Knative is a Kubernetes-based platform for building, deploying, and managing modern serverless workloads. It drives with these primary features:
Serving | Scale to zero, request-driven compute model |
Events | Universal subscription, delivery and management of events |
In older versions of Knative there was another feature called Building. That evolved and split out into its own project called Tekton. Tekton pipelines are a cloud native and Kubernetes native technique for running CI/CD pipelines on Kubernetes. Tekton pipelines (building) are an important part of the serverless experience that coordinated with Knative.

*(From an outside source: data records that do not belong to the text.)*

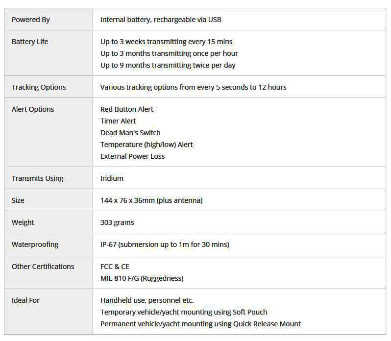 Rugged hand held GPS tracker and communicator. Waterproof and shock protected. Works anywhere on earth. Sends position reports at user selected intervals plus two way SMS communication to any phone. Bluetooth enabled for easy text entry. Very long battery life. No annual subscription required.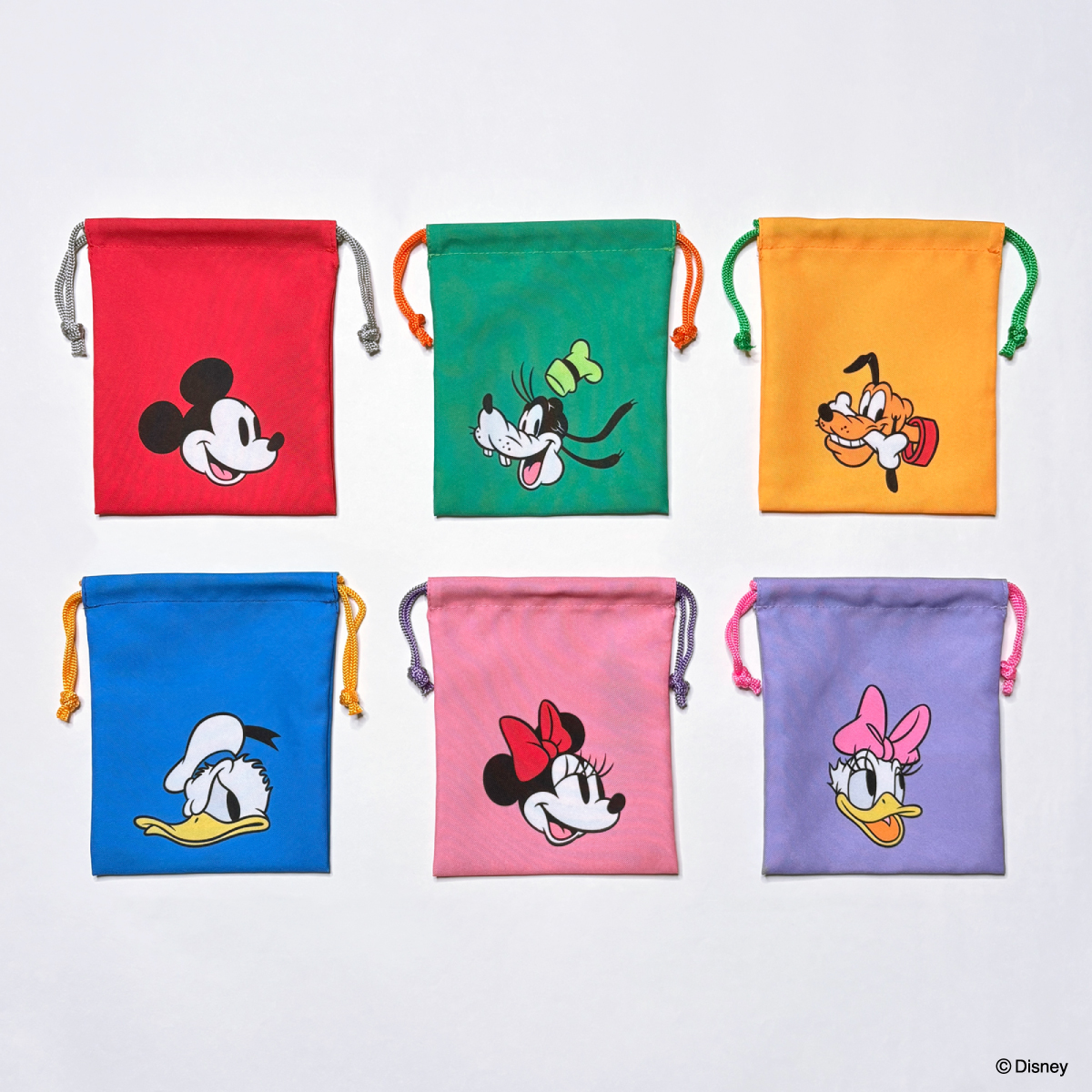 「ミッキー&フレンズ」のお顔をアップでプリントした巾着。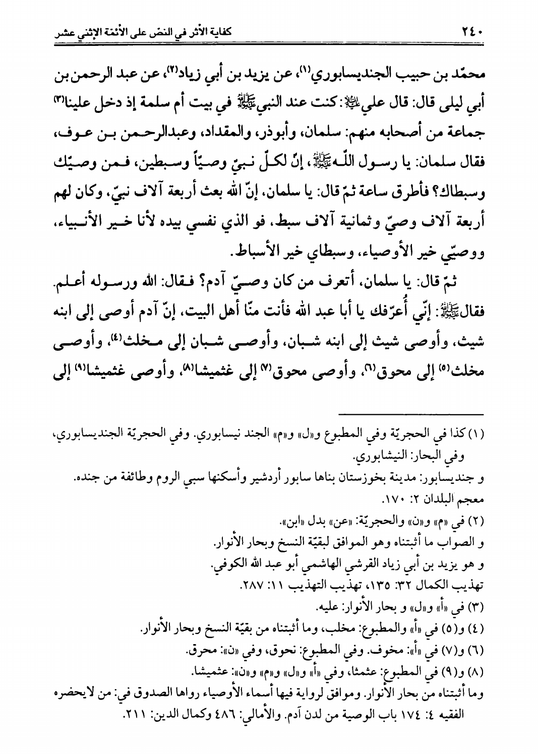 كفاية الأثر، في النصوص على الأئمة الإثني عشر

Each of the components under the Knative project attempt to identify common patterns and codify the best practices that are shared by successful real-world Kubernetes-based frameworks and applications. Knative components focus on solving many mundane but difficult tasks such as:
- Deploying a container
- Orchestrating source-to-URL workflows on Kubernetes
- Routing and managing traffic with blue/green deployment
- Automatic scaling and sizing workloads based on demand
- Binding running services to eventing ecosystems
- Developers on Knative can use familiar idioms, languages, and frameworks to deploy any workload: functions, applications, or containers.
These instructions have been adapted from Getting Started with Knative App Deployment .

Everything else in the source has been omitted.